ランサムウエアのみならず、マルウエア(悪意あるソフトウエア)の感染被害は、ICT問題に関心の低い社員や下請け企業を踏み台にして行われるケースが圧倒的に多い。このように、社員間のデジタルデバイドが著しい企業は潜在的に、サイバー攻撃に対するセキュリティリスクが増大する傾向にあることを認識しておくべきだろう。
⑤デジタル弱者社員の孤立による組織力の低下
「デジタル弱者」となった社員は、デジタル化が進む企業において人的パワーに組み込まれず、組織の中で孤立感を深めていく。そういった社員が増えていくと、組織力そのものが衰弱していくことになる。
例えば従来は、デジタルには疎くてもコミュニケーション能力の高い社員が、顧客回りなどで営業成績を積み上げてきたものだが、非接触型営業が前提となった昨今では、それも発揮できない。
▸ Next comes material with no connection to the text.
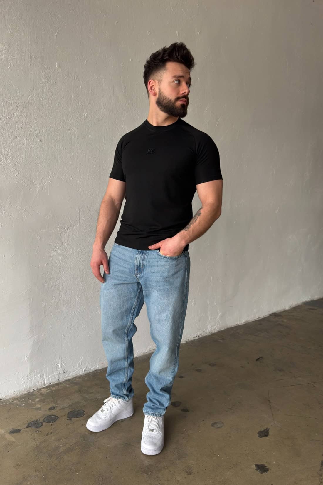 Opis produktu: T-shirt męski BG LIGHT wykonany z wysokiej jakości wiskozowej dzianiny sweterkowej. T-shirt logowany monogramem marki BG na środku klatki w tonacji materiału. Dopasowany krój oraz reglanowy rękaw podkreślają sylwetkę.

社会全体のデジタル化が進めば、そういったアナログ型社員は、ますます能力を発揮する舞台を奪われていくことになる。
また、働く人にとっても、ITスキルやICTリテラシーのレベル差は、昇進機会や待遇・収入の格差へとつながる切実な問題となり、労働意欲の低下へとつながっていく。このように社員間のデジタルデバイドは、組織力や企業活力を低下させる恐れもあるのだ。
デジタルデバイド解消に有効な対処法は?
では、デジタルデバイドの弊害に陥らないために、企業がとるべき対応策は何だろうか――。ここからは、デジタルデバイド問題を解消するために、企業がとるべき有効な方策を検討していきたい。
◎まずは、自社内の「デジタルデバイド度」を把握する
まず着手すべきは、企業内に存在するデジタルデバイドの進行度を「見える化」することである。全社員にICTリテラシーやITスキルに特化したアンケートを実施する、あるいは同種の社内検定を制度化するのも一案だ。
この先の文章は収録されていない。